What really drew me into this story was its calm. Not something that usually is said about a dystopian novel, I know. There are no agitators, no anger, no revolts, no secret symbols.
Many books in young adult fiction follow a certain formula: girl and boy are thrown together, they don’t like one another, then they are drawn to each other during some kind of conflict. It can be a powerful formula when the trimmings are unusual or new; it can be teeth-grindlingly horrible if not. There are plenty in the middle, too. On the surface, I have no problem with the formula; most people love it when couples triumph over the odds, fall in love; survive. The more unsuspecting and ordinary the person, the more we can relate. The quality of the writing, the pacing, the secondary characters, the main external forces in the novel, those are the things that can add depth and resonance to a work (if it’s good) and make you want to unlearn how to read (if it’s not).
Matched starts off pretty innocuously. Science in the future has figured out how to keep humans at their healthiest. Disease has been eradicated because each person’s health is strictly monitored. Well, really, just about everything is monitored, from the food that is eaten to the work people are chosen to do to what age everyone will die (80) and who each person is matched with for marriage. People only do the job chosen for them, so meals are delivered, someone else cleans the dishes and everyone wears the same clothes. On the surface, if a perfect, healthy existence with a perfect match in the perfect job is for you, you should be happy. On the surface, everyone seems happy.
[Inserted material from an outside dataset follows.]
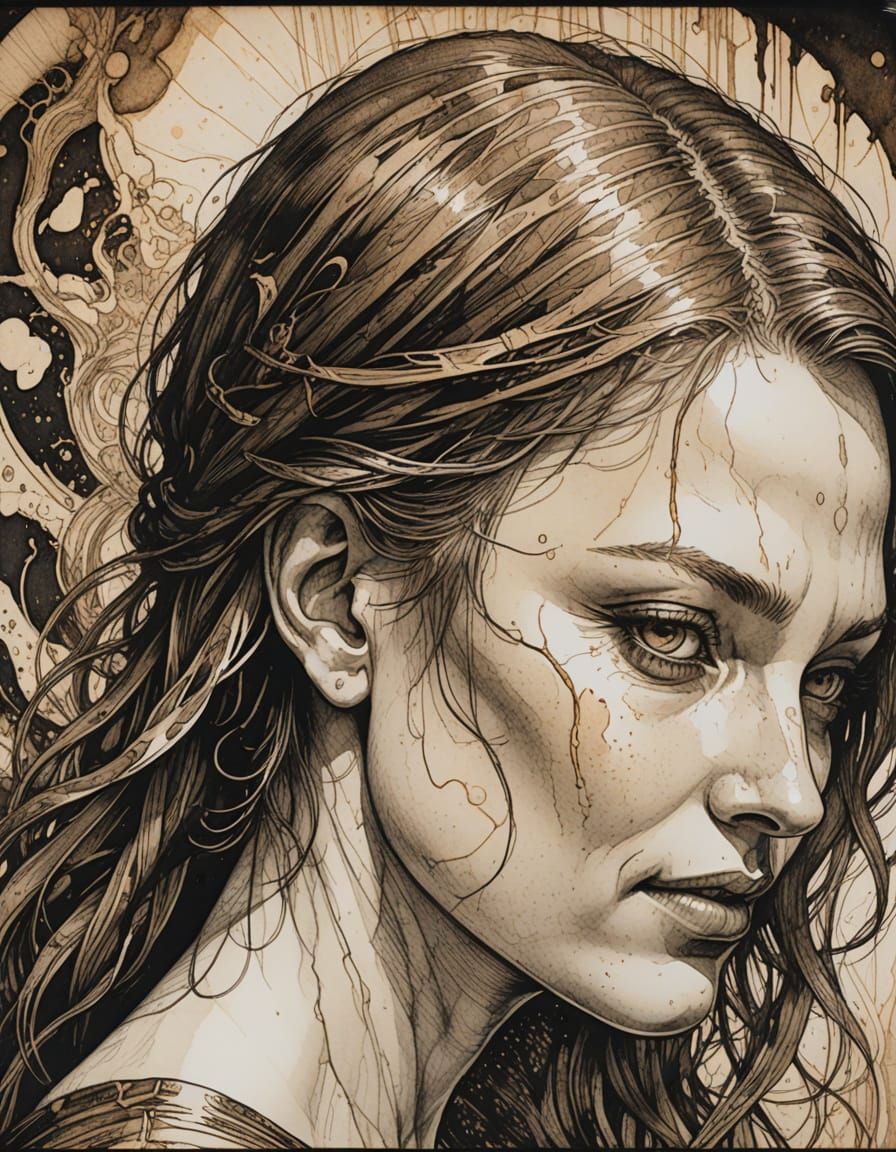 A captivating etching of a young girl with a mischievous grin, set against a warm, golden background with atmospheric fog and dramatic chiaroscuro lighting. Inspired by the intense lines of Albrecht Durer, this piece features bold shading, high contrast, and vibrant earth tones.

It is the day of Cassia’s matching. It is also her seventeenth birthday, which makes it even more special. She has chosen a green dress that she gets to wear (but not keep) and she, the other matchees and their families all get to partake in a banquet that takes no calories into consideration. When it is Cassia’s turn to stand and be matched, she is shocked and pleased to find out that her match is her own very best friend, Xander. It is unusual for someone to know their match, but not unprecedented. What is unusual, however, is when she returns home to look at Xander’s photo on the microcard she is given. After Xander’s face shines on the screen, the face of Ky Markham, another friend, takes its place. Was she mismatched?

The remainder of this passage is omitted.